Nous montons tous sur le tracteur conduit par Mériadec et rentrons au domaine. Arrivés au hangar le patron nous demande de rentrer sans éveiller l’attention, et d’oublier ce qui vient de se passer. 
Si un seul d’entre nous parle, vous savez, ce qui nous attend, non pas de la gendarmerie française, mais du FLN.
En m’éloignant, je peux voir Mériadec laver soigneusement au jet les chenilles du Caterpillar.
Décidément, il pense à tout.
Comme cet automne lors de la destruction du gibier, arrivé devant l’entrée de ma chambre, je me déshabille dehors, et malgré le froid, vais prendre une douche à l’arrière de la maison, pour me laver de toute cette abjection. 
Mais c’est une demi-bouteille de Cognac qui aura finalement raison de ma componction. 
Le lendemain, je me réveille vers 10 heures, la bouche pâteuse, avec le sentiment d’avoir fait un horrible cauchemar. Le plateau est sur la table, le café froid, et la bouteille de Cognac vide. 
Brusquement je réalise qu’il est dimanche, que c’est le jour de Noël, et que je devrais être à Alger. Les événements tragiques de la soirée m’ont fait complètement oublier mon rendez-vous avec Marie. Je me précipite chez les Hubert, c’est Rose qui me répond.
– Il faut que je téléphone, c’est urgent, Bubu est là. 
– Oui, mais il dort encore, je ne sais pas ce qu’il a ? — moi je sais —
– Donnez-moi la clé du local de paye, j’en ai pour 5 minutes.
– Tenez, la voilà.
Je cours au local et j’appelle l’hôtel Marta.
– Marta… bonjour, c’est moi votre "petit-suisse" — oui c’est comme ça qu’elle m’appelle. Bon Noël, Marta, est ce que Marie est là ?
– Oui, et elle se fait un sang d’encre.
– Allez vite la chercher, s.v.p.
– La voilà, je la vois qui descend l’escalier. Au revoir.
– Marie… c’est toi ! Excuse-moi, mais j’ai eu un empêchement de dernière minute, je t’expliquerai. Je vais venir, mais en fin d’après-midi, attends moi. Je prends quelques jours de vacances, regarde si tu peux te libérer aussi. Je t’aime, je t’embrasse.
J’en peux plus, il faut absolument que je parte d’ici, et il faut le dire, j’ai quand même un peu la trouille.
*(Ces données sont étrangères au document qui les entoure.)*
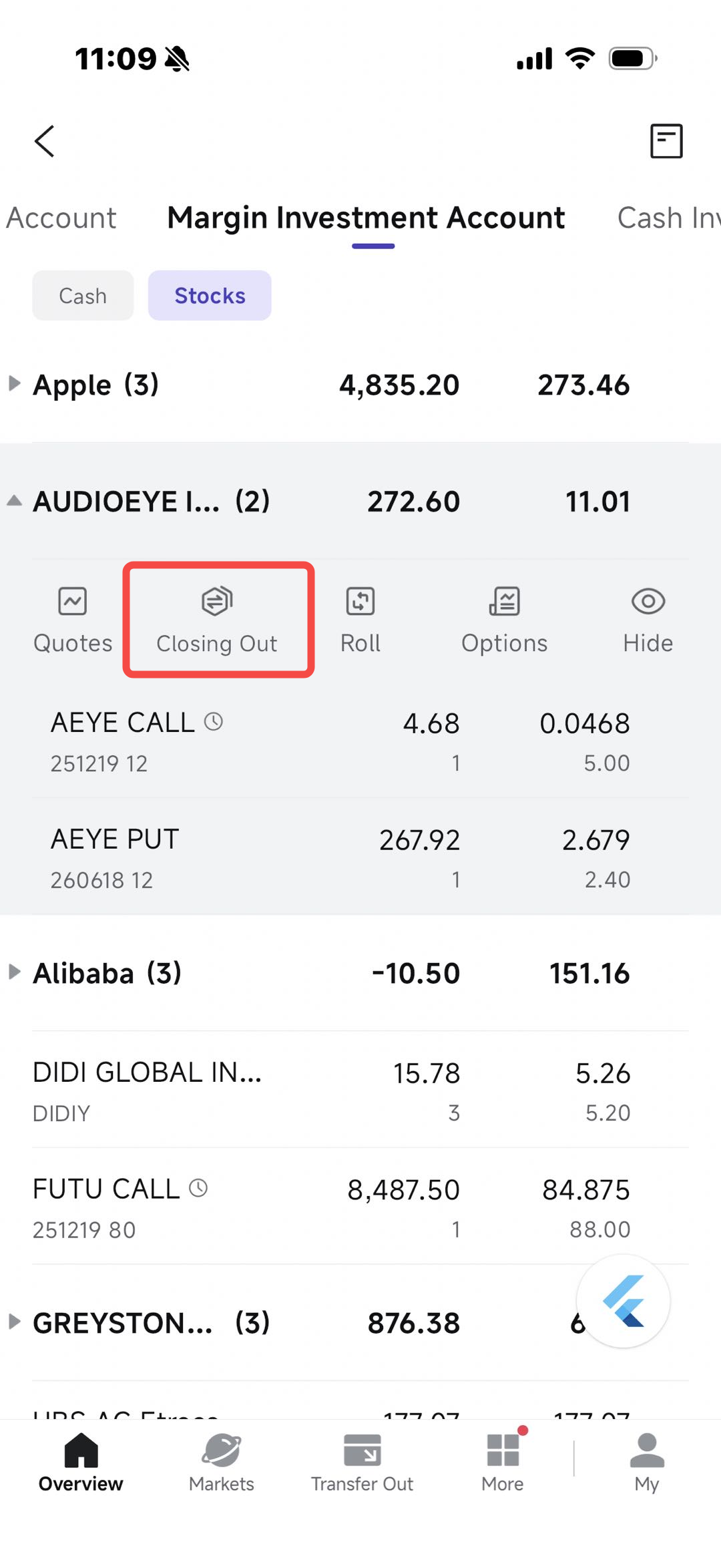 Tap the icon indicated in the illustration below, and you can close out multiple positions as you want with a multi-leg options order (applicable whether in the Option Strategy View or not).

En Europe pour de tels agissements nous irions tous en prison pour de longues années.
Après avoir rapporté la clé à Rose, je me rends directement chez le patron.
J’entre sans frapper, vais directement dans son labo, comme d’habitude, il est penché sur son binoculaire. À mon entrée, il daigne relever la tête.
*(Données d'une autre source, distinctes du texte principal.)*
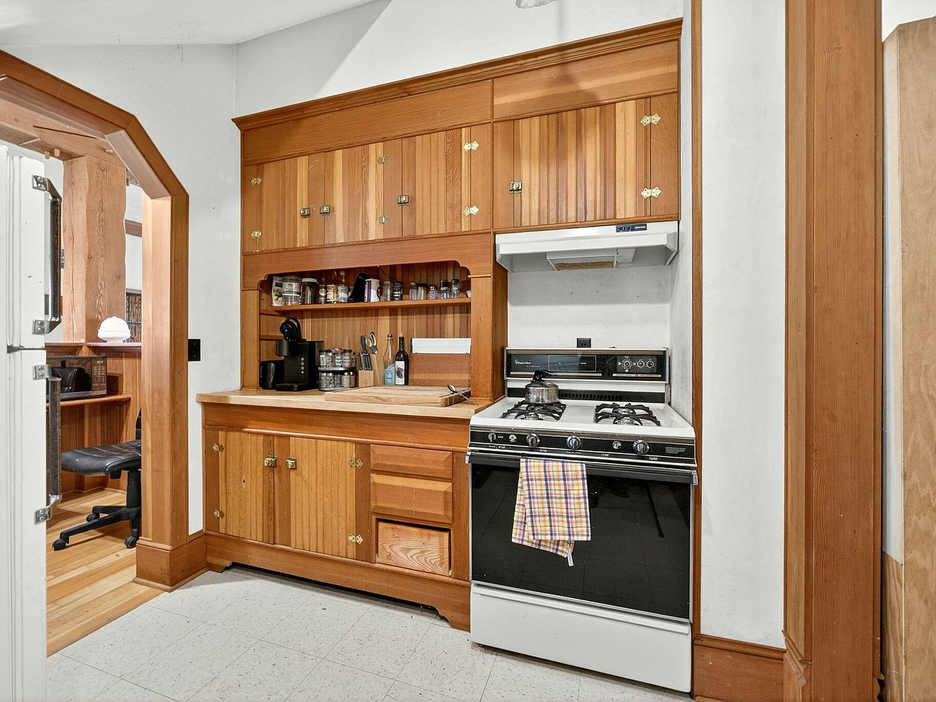 Warm wood tones define this inviting kitchen corner, perfect for family gatherings and daily routines. Custom wood cabinetry with brass hardware provides plenty of storage for dishes, spices, and cooking essentials. The countertop is spacious for meal prep, with a coffee maker and everyday condiments conveniently within arm’s reach. A classic gas stove with a vent hood stands ready for home-cooked meals, and the playful yellow plaid towel adds a cozy touch. Open archways create a seamless flow to adjacent rooms, while durable flooring ensures easy clean-up, ideal for busy family life and entertaining friends.

– Oui, que voulez-vous, monsieur Le Wenk.
– Je voudrai prendre quelques jours de vacances.
– Bon, d’accord, prenez une semaine. Moi-même je vais aller passez les fêtes en France. 
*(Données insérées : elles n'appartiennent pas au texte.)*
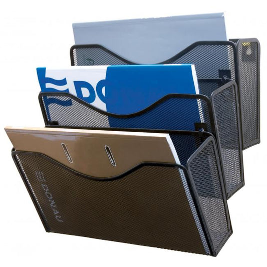 Stojan na stenu s 3 odkladačmi na časopisy a dokumenty do formátu A4+ v drôtenej úprave. Rozmery (š×v×h) 325×330×230 mm.Farba: čierna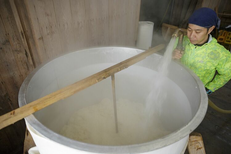 「高温山廃酛とは、その名の通り、55℃の高温で仕込む酒母(山廃酛)の製造方法です。最初に蒸し米と米麹、温度を調整した水を入れて、全体を混ぜたときに55℃になるようにします。この温度で、タンク内のほとんどの雑菌が死滅します」

– Merci, je pars ce soir, je vais demander à M. Hubert de m’accompagner à la gare. Au revoir et bonnes fêtes.
Et, voilà, comme si de rien n’était. Depuis que nous partageons de lourds secrets, l’atmosphère a radicalement changé, les Européens font preuve de méfiance entre eux et ne se parlent plus que sur le plan professionnel. Même Bubu ne desserre pas les dents en m’accompagnant à la gare d’Affreville.   Lorsque le train quitte le quai, je ressens enfin un grand soulagement, je m’efforce d’oublier le terrible drame du jour précédent, et je m’endors jusqu’à l’arrivée à la gare Centrale d’Alger, située sur les quais.